Exercise description :: Transcribe, word for word and without additions, each line below from the one containing "Ajustable en altura" through the one containing "The Set 3 Pack", both ends included.

Supplied material ::
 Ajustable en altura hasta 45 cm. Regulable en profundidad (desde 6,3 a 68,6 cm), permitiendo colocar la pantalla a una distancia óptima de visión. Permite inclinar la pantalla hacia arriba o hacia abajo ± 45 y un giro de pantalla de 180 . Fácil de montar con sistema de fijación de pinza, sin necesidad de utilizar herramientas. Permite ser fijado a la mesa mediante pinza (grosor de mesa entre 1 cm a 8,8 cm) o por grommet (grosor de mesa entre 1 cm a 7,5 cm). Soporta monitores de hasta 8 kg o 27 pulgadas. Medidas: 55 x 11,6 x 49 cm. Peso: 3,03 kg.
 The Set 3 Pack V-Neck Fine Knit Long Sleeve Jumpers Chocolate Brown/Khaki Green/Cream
==
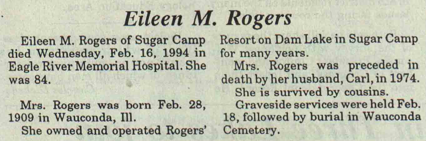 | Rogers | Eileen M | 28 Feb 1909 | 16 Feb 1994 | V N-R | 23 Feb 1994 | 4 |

Exercise solution ::
 Ajustable en altura hasta 45 cm. Regulable en profundidad (desde 6,3 a 68,6 cm), permitiendo colocar la pantalla a una distancia óptima de visión. Permite inclinar la pantalla hacia arriba o hacia abajo ± 45 y un giro de pantalla de 180 . Fácil de montar con sistema de fijación de pinza, sin necesidad de utilizar herramientas. Permite ser fijado a la mesa mediante pinza (grosor de mesa entre 1 cm a 8,8 cm) o por grommet (grosor de mesa entre 1 cm a 7,5 cm). Soporta monitores de hasta 8 kg o 27 pulgadas. Medidas: 55 x 11,6 x 49 cm. Peso: 3,03 kg.
 The Set 3 Pack V-Neck Fine Knit Long Sleeve Jumpers Chocolate Brown/Khaki Green/Cream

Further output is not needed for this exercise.